The Beauty in the Beast

beauty_and_the_beast_by_fernl-d4cwobhHeaded to the Poconos on Saturday I kept hearing the phrase ‘Beauty in the Beast’ on the radio. As the natural yoga weirdo that I am, I figured I had to connect this to yoga somehow. Beauty in the Beast would prove to be the theme of the week!

I broke it down into three different phases (1) Finding the beauty in every pose and only focusing on that (2) Finding the beast in every pose and only focusing on that (3) Being conscious of the beast and the beauty in every pose.

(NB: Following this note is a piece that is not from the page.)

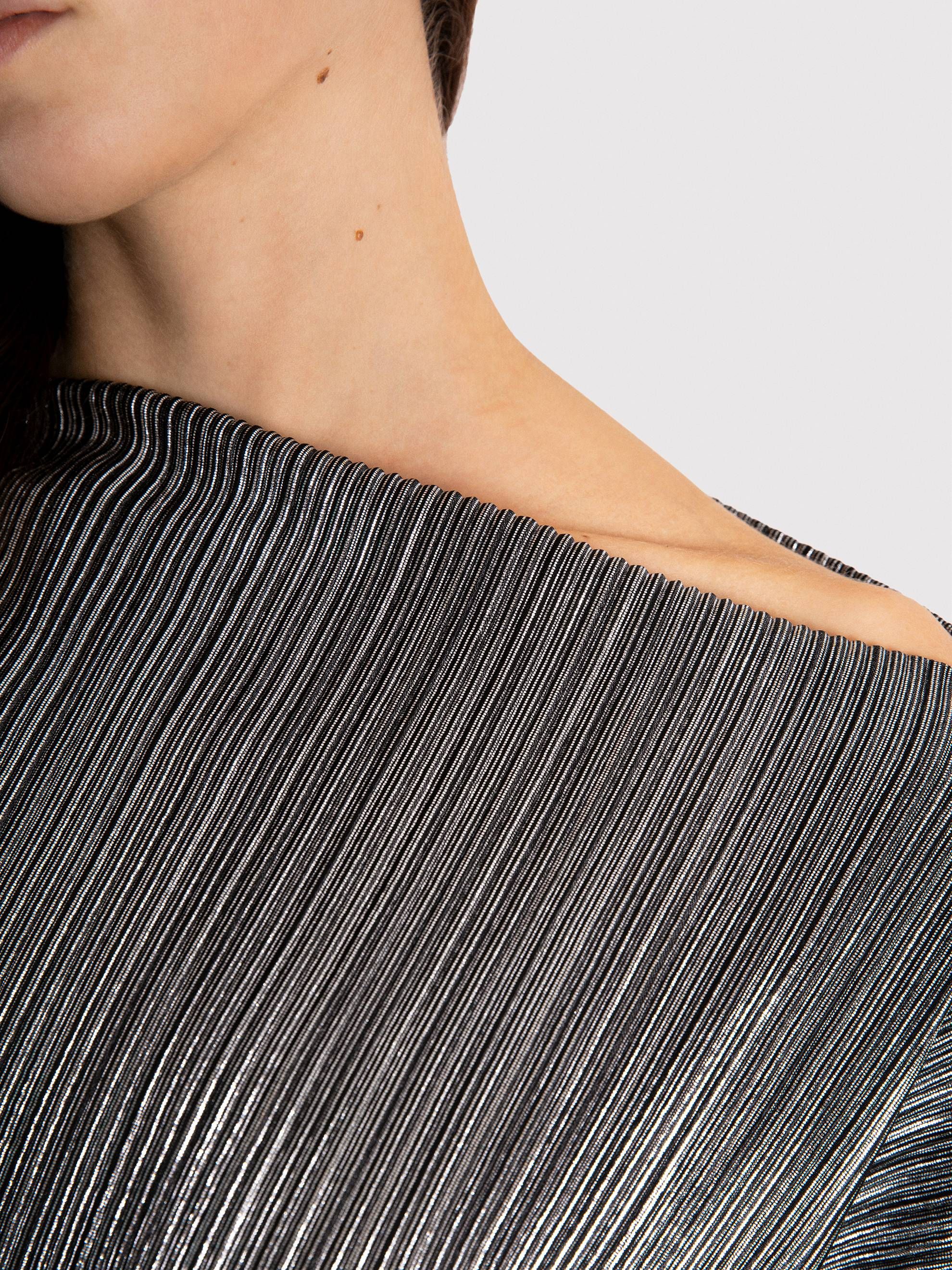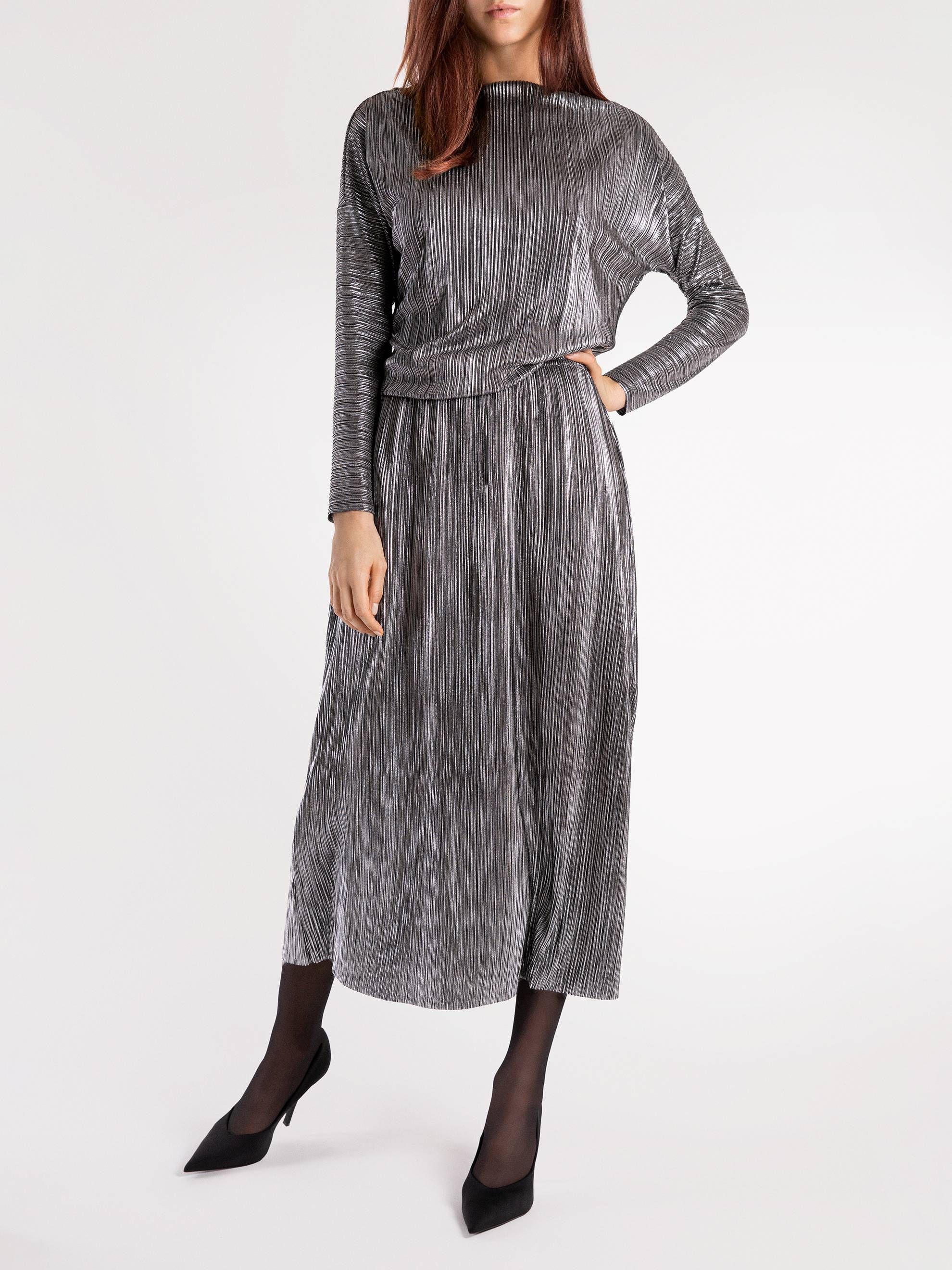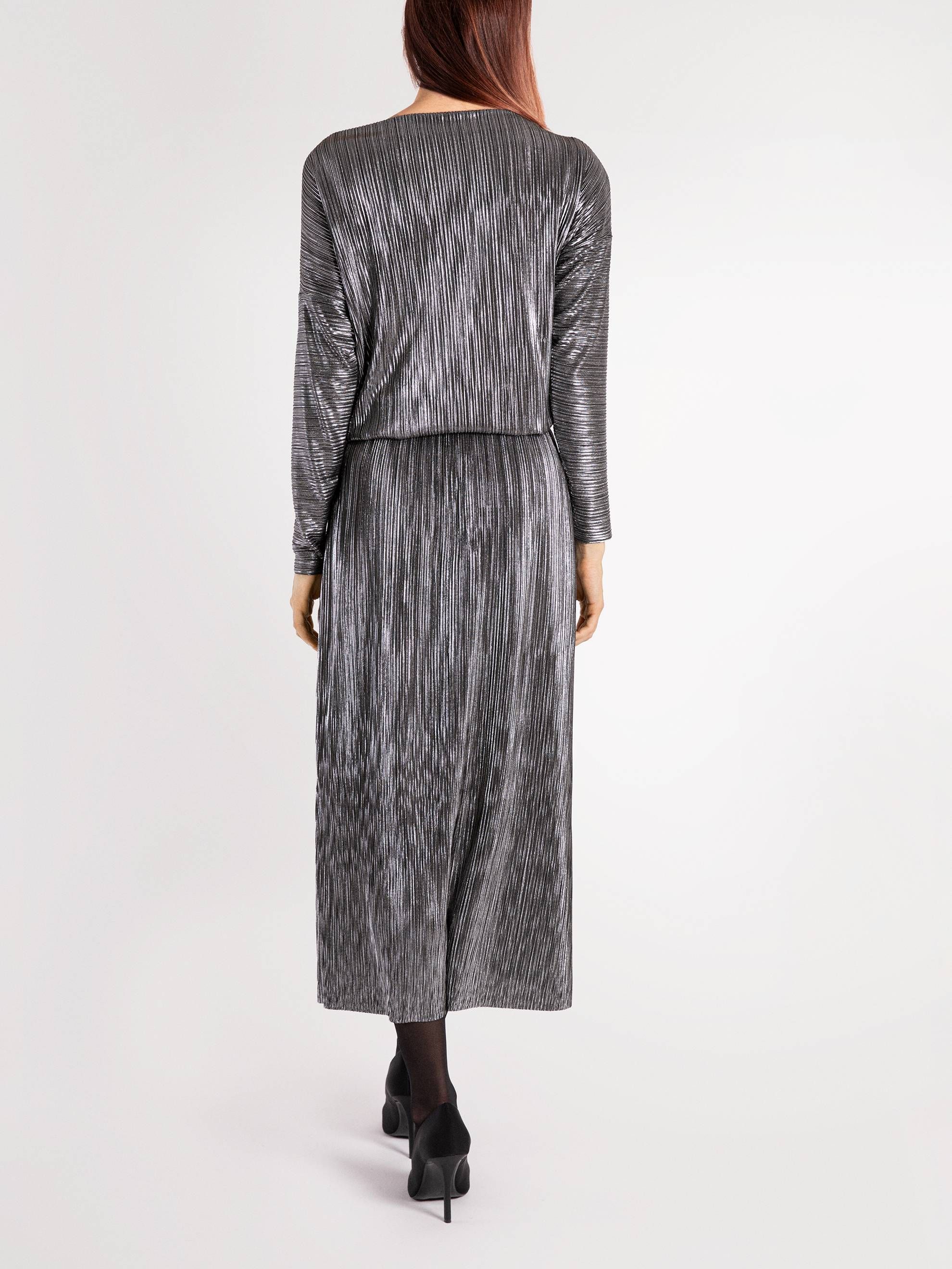 This dress is subtle and dynamic at the same time. It envelops your body like a wave, moving beautifully along with you like liquid quicksilver. It has long narrowing sleeves, a boat neck to accentuate the shoulder and neckline, and a comfortable elastic waistband and high-quality lining from the waist down.

Every time we step onto our mat, we are greeted with different emotions, thoughts, physical boundaries or releases. Every day on the mat is different. We can be happy, sad, angry or joyful; no emotion is right or wrong. At the same time, each and every pose can be different for us. Warrior 2 might feel amazing one day and the next day feel like complete torture. Start to become aware of your thought patterns when you practice. Notice which phase you tend to move towards in each pose or throughout your whole practice. Be conscious of your patterns.

The Three Phases:

(1)    Finding the beauty

In your favorite poses, this can be really easy to do. If you simply adore a pose, it will be so easy to find the beauty in it; to feel its splendor. On the other hand, if you cannot stand a pose and tend to only think of the negative (the beast) it will be really hard to switch your thoughts and only focus on the beauty.

(2)    Finding the beast

The beast is the pain, the anger, the irritation that comes up in poses. Often times this is easier to focus on the beast than the beauty because it’s more dominant in our thoughts.

(3)    Finding the beauty in the beast

This is my favorite. Can you be conscious of the beast, while still being conscious of the beauty? For example, in Crescent lunge, maybe your legs get so easily tired, sore and beastly but at the same time your heart feels open and filled with beauty.

I encourage you to take this into your practice this week. First, just start to become aware of your natural thought pattern and which phase you tend to naturally go to. Then if you want to change it to a specific phase, make that your intention for your practice. I find the third phase, finding the beauty in the beast, to be my intention in each practice. Just like in life, we are all faced with challenges and beasts, but we can always find the beauty in every situation if we look hard enough.